Publication
Article
The beat on the people, devices and companies shaping healthcare.
1
Are physicians finally ready to embrace the EHR?
It’s a gradual thing, although from our perspective, it’s picking up. The issue has been that physicians look at EHRs and see a one-size-fits-all product; they say “this doesn’t meet any of my needs. I don’t want to practice medicine as a cardiologist the same way an orthopedic surgeon does.” Our approach has been that nobody’s going to buy an EHR unless it’s specialty-specific.
2 A RemedyMD press release claims that “the healthcare industry is severely restricted by siloed medical data that does not provide a holistic view of patients’ health.” What do you mean by that?
Right now, the data people have access to is typically one-dimensional. If you’re seeing a doctor, if you’re lucky, you’ll have the record of your previous visits. But you don’t have visits to other doctors or hospitals. We take a 360-degree view of the patient, aggregating 10 dimensions of data so we really can get a holistic view and recognize patterns. For our patients, we have specialty-specific information and hospital information. We track research data, and we add that to a patient’s profile. If a patient’s characteristics place them as part of a research project cohort, we track that cohort. That turns out to be very enlightening, because we try to extrapolate what other characteristics of the cohort apply to them. Then, we start adding metabolic, genotypic, proteomic, microarray, claims, and heredity data. Once you aggregate all of those in the product we call Mosaic, patterns begin to emerge.

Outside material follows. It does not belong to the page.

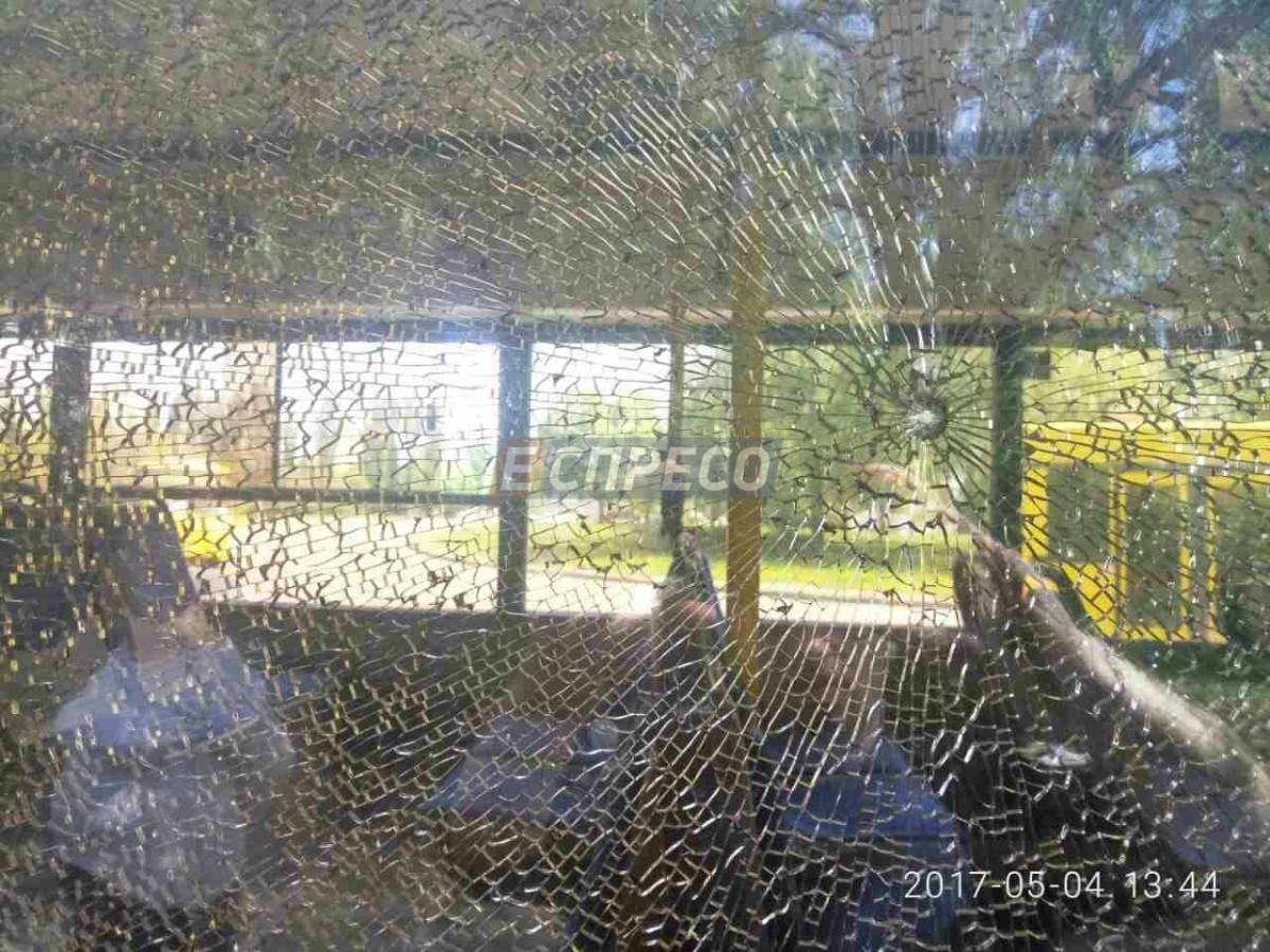 В автобусі побито п’ять вікон, потерпілих немає.

3 RemedyMD’s SMART Platform has built-in features that enable payers and others to track outcomes; is this going to be a key part of all EHR technology as we move into the era of P4P?
A better description for pay-forperformance would be pay-for-compliance with specified procedures, because very few people can measure performance, so they measure compliance. That’s a first step, but the next step is measuring outcomes, and then infl uencing outcomes. What we’ve built is the decision-support engine that uses all this data we collect and helps provide the information to make decisions. Our theory is that better decisions inexorably lead to better outcomes. I think the idea of pay-for-performance without decision support is not going to get anywhere.
4 Why did RemedyMD decide on a Web-based EHR, rather than a system that relies on local servers?
The benefits of being able to have on-demand, anytime access, backed up without having to pay attention or having to buy or upgrade the hardware or hire a network administrator—you just plug it in and go—are compelling. In fact, we have several partners who are actively working with us to Web-enable their existing systems. What they found is that they could actually rebuild their practice management applications using our platform (SMART) for less money than they can Web-enable their old applications.
5 Where does the patient fit into everything you’ve discussed?
We created a patient portal called My Health Manager, not knowing how many patients would use it; we have about 170,000 who have. Many of those are using it daily to journal their habits. The only way to really monitor outcomes, unless you want to have a doctor who practically calls the patients every day, is to have patients be able to record outcomes. In other words, it’s not important whether they fill the prescription. It’s not even important whether the doctor wrote the right prescription. What’s important is whether the patient takes the prescription and how they feel after a week or two or six. And everything we built is tethered, so the doctor can log on every day to the patient’s record to see trends and discuss them with the patient.
It’s also important from a decision-support standpoint. We want to be able to recommend an intervention when a patient is still doing pretty well but we’ve recognized a pattern. If we can intervene early, then the benefits to the system are dramatic. Too many people are focused on transferring costs. The only real way to wring costs out of the system is to be able to dramatically improve and influence outcomes. If the healthcare industry had the decision-support and pattern recognition architecture that exists in Wall Street today, it would solve the entire healthcare costs problem. The whole basis for arbitrage is pattern recognition, and proactively taking actions before things happen. That’s the quest we’re after.